There was a time when she would have bet the happiness of her marriage on the certainty that she would have known. Or that, at the very least, looking back, she would appreciate there had been signs. Now she cannot believe her naivety.
But they had been happy, hadn't they?
Emma stops the thought before it can nudge others like it to the cliff edge. The only way from there is down. Did she bring it on herself? Had she neglected Will? Was there something wrong with her– something intrinsically unlovable? Was her mother right?
Instead of letting loose these thoughts, Emma sits by the open window and pushes her fingers deep into her hair, thumbs pressing into her aching neck.
She returns to the bed, curled up like a question mark. When a sudden downpour drums against the window, the sound brings some comfort, but then comes the drifting metallic scent of the rain, and she is taken back to a late December garden, the day she found out about Will's affair. Kneeling in the mud in the freezing rain, clutching at snowdrops she had ripped from theearth.
On the third day, the ringing of the hotel phone breaks in upon her like a pneumatic drill. She sits up in bed, hugging her knees, and stares at it. A few minutes later there is a gentle knock. When a piece of paper is pushed under the door, she realises she has been holding her breath. The note is from Roberto, asking if she's all right. He has included his mobile number.
Emma turns the television on just to raise the volume of sound in the room.

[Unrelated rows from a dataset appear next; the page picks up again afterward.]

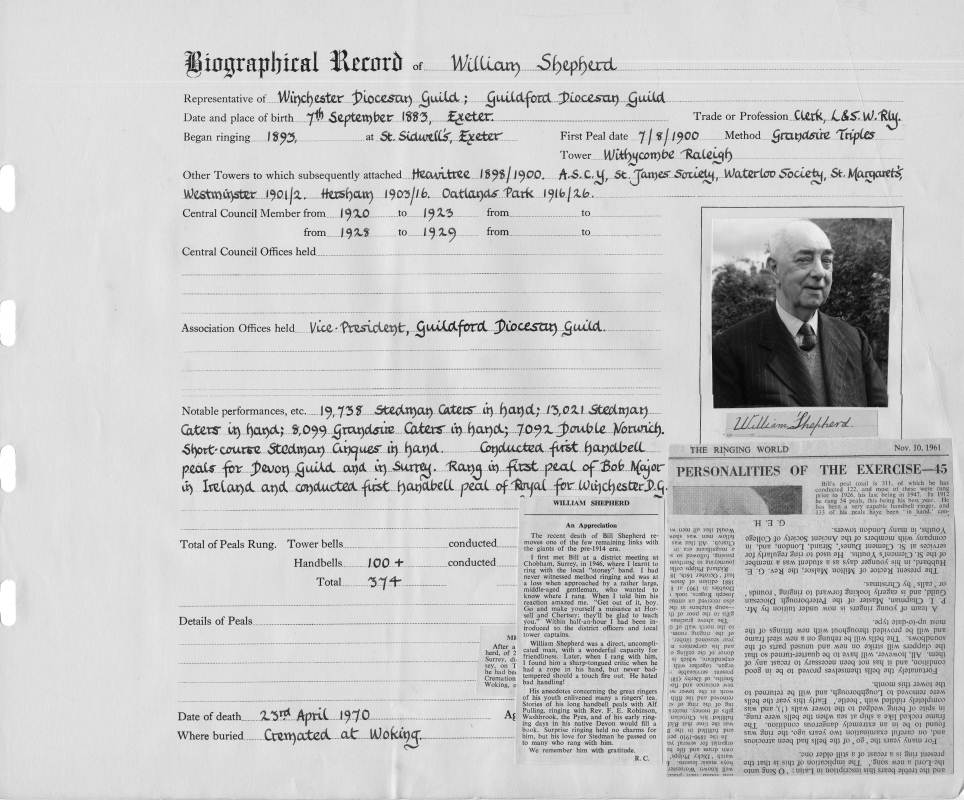 Places:Place of Birth: Exeter Began ringing at: St Sidwell's, Exeter Tower from biographical record etc.: Heavitree 1898/1900. ASCY, St. James' Society, Waterloo Society, St. Margaret's, Westminster 1901/2, Hersham 1903/16, Oatlands Park 1916/26. Tower mentioned in obituary: Chertsey |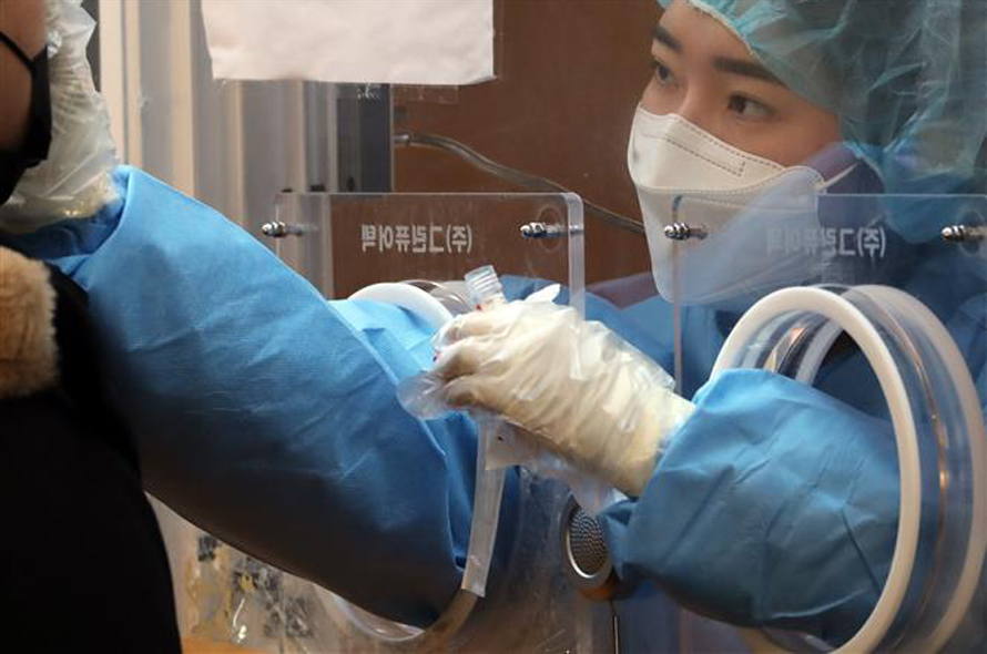 Trong ảnh: Nhân viên y tế lấy mẫu xét nghiệm COVID-19 tại Seoul, Hàn Quốc. Ảnh: YONHAP/TTXVN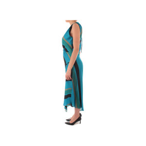 Ampia scollatura sul retro con fiocco da annodare e zip laterale a scomparsa.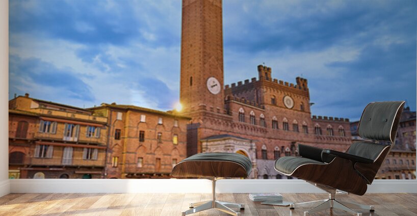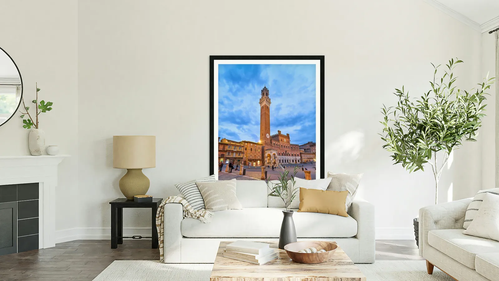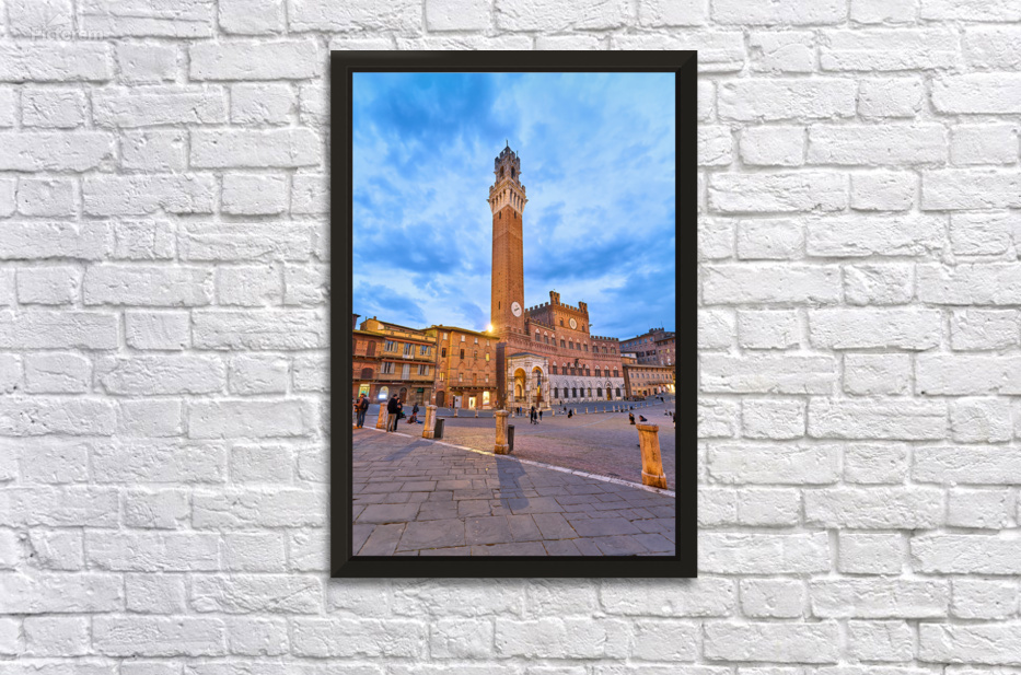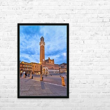 "Sunset view of Piazza del Campo in Siena Tuscany Italy" in a framed print.

If the phone rings again, she has no intention of answering it, but she wants some background noise to cushion its impact.
It is Agatha Christie season on ITV3 and Emma settles down with crisps and a small bottle of red wine. She has only just discovered the minibar in the wardrobe and she thinks she might work her way through it. It seems preferable to talking to someone about room service. She banks the pillows around her and pulls all the cushions off the bedroom chair so she is cocooned in a little pod in her bed. She wonders what Agatha Christie thought about when she ran away from the world and hid in a hotel in Harrogate.
Miss Marple knows better than most that flowers can kill you. Her friend, Dolly Bantry, might have missed the clues, but Jane Marple spots that the sage leaves picked to stuff the duck have been swapped with foxglove leaves which contain the poison digitalis. Sir Ambrose might think he has got away with it. But Miss Marple and Emma know what he's done.
The knocking is more persistent this time.
‘Emma, are you in there?'
She recognises the voice immediately and after a second presses ‘mute' on the television.
‘Emma?' The voice sounds anxious.
Fighting the almost overwhelming urge to keep quiet, Emma throws back the covers.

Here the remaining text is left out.